**DIRECTIONS FOR THIS TASK**:
From the line with "BENKS MSAFE LEATHER" to the final line of the data below, please write out every line exactly, with no pictures.

**SOURCE MATERIAL**:
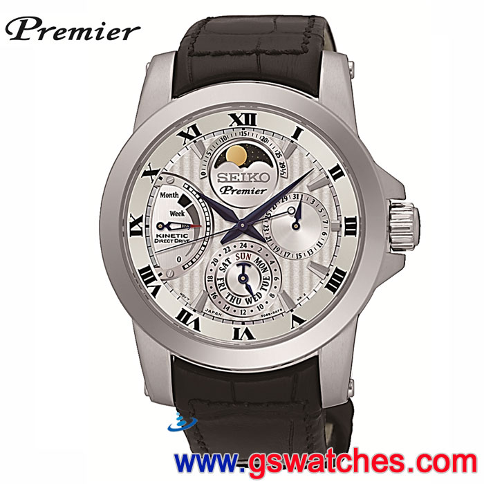 金響鐘錶精品購物網::專賣原廠公司貨:::歡迎議價或門市購買全年優惠 EST.1995 » SEIKO系列 » PREMIER 錶款 » 客訂商品,SEIKO SRX011J2(公司貨,保固2年):::日本製,PREMIER,5D88機芯,人動電能,月相腕錶,藍寶石,日期,星期,動力儲存,刷卡或3期零利率,5D88-0AG0P |
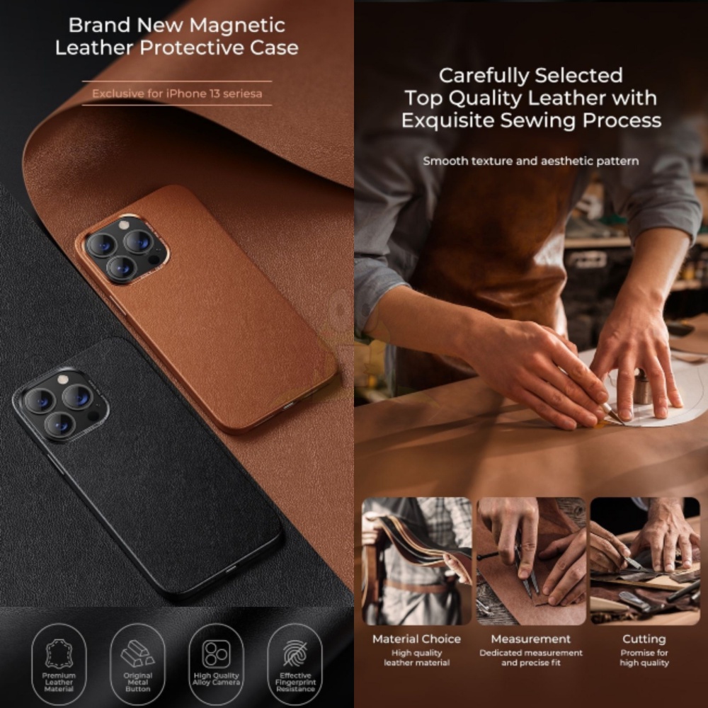 BENKS MSAFE LEATHER Case for iPhone 13 Pro Max/ 13/ 13 Pro/ 13 Mini Genuine Magnetic Shockproof Phone Case Cover Casing
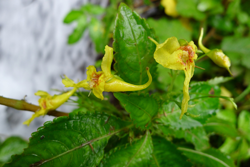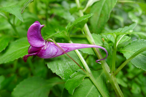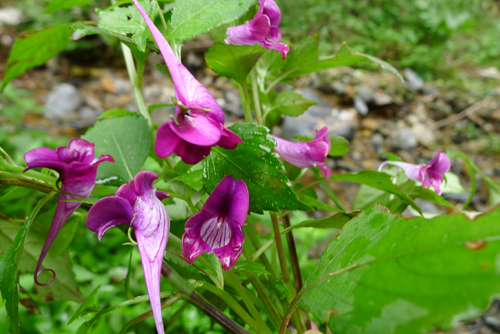該種花卉草本、簇生,植株高約30厘米,花莖脆嫩,葉片呈鋸齒狀對生,夏日開花,有紫紅、黃、白三種,花朵一端有根卷須,花身上有不規(guī)則的花紋,柔嫩細(xì)長的花柄仿佛一根絲線似的穿插在綠葉下面。此花被當(dāng)?shù)卮迕駛兎Q為“水網(wǎng)花”,但一番咨詢得知,她的學(xué)名是“龍蝦花”。
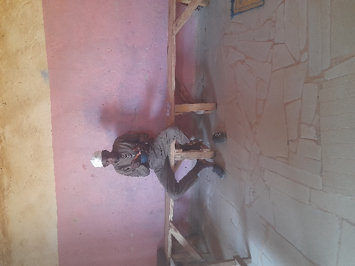 An indoor scene in Akwanga, Nigeria, features an adult male seated on a rustic wooden bench

**RESPONSE TO THE EXERCISE**:
 BENKS MSAFE LEATHER Case for iPhone 13 Pro Max/ 13/ 13 Pro/ 13 Mini Genuine Magnetic Shockproof Phone Case Cover Casing
該種花卉草本、簇生,植株高約30厘米,花莖脆嫩,葉片呈鋸齒狀對生,夏日開花,有紫紅、黃、白三種,花朵一端有根卷須,花身上有不規(guī)則的花紋,柔嫩細(xì)長的花柄仿佛一根絲線似的穿插在綠葉下面。此花被當(dāng)?shù)卮迕駛兎Q為“水網(wǎng)花”,但一番咨詢得知,她的學(xué)名是“龍蝦花”。
 An indoor scene in Akwanga, Nigeria, features an adult male seated on a rustic wooden bench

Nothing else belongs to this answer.